0

So to make a long story short(er), I suspect I had a bad SATA card. I have a 8 drive storage pool in Windows 11 in Storage Spaces (1 parity) that's been running great for a few months. Suddenly it started to go offline, but restarting the computer and making double sure the cables were secure fixed it for a while. Then it stopped working entirely and Storage Spaces would just freeze if I tried to open it. Today I swapped a new SATA card in and all the drives popped back up, no more freezing - great.

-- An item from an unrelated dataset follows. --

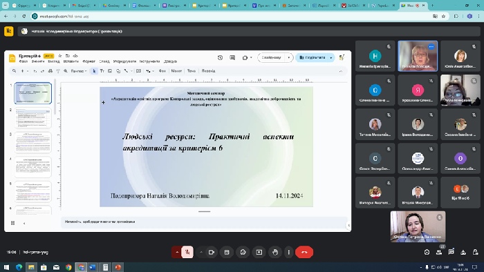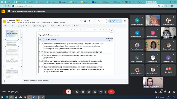 Оксана Петрівна підготувала кейс із прикладами опису підкритеріїв критерію 5 звіту самоаналізу та звернула увагу учасників семінару на позитивні практики чіткості і зрозумілості форм контрольних заходів та критеріїв оцінювання навчальних досягнень. Наталія Подопригора продемонструвала приклад відображення критеріїв оцінювання навчальних досягнень студентів на платформі Google Classroom.

CrystalDiskInfo, HDSentinal, and Windows all report the drives as OK/PERFECT. The pool showed it was in an offline state, but healthy otherwise. The Event Viewer had a few of these:

enter image description here

I figured, no problem, and ran those commands, but the volume didn't come back up. After a bunch of fiddling, I realized running this command:

Get-VirtualDisk | ?{ $_.ObjectId -Match "{bb97ba58-8273-4e7d-95c1-9eb0fa705f15}" } | Get-Disk | Set-Disk -IsOffline  $false

Brings the drive back up just fine in a read-only state. Big relief. At least if all else fails, I can get the data off and try again.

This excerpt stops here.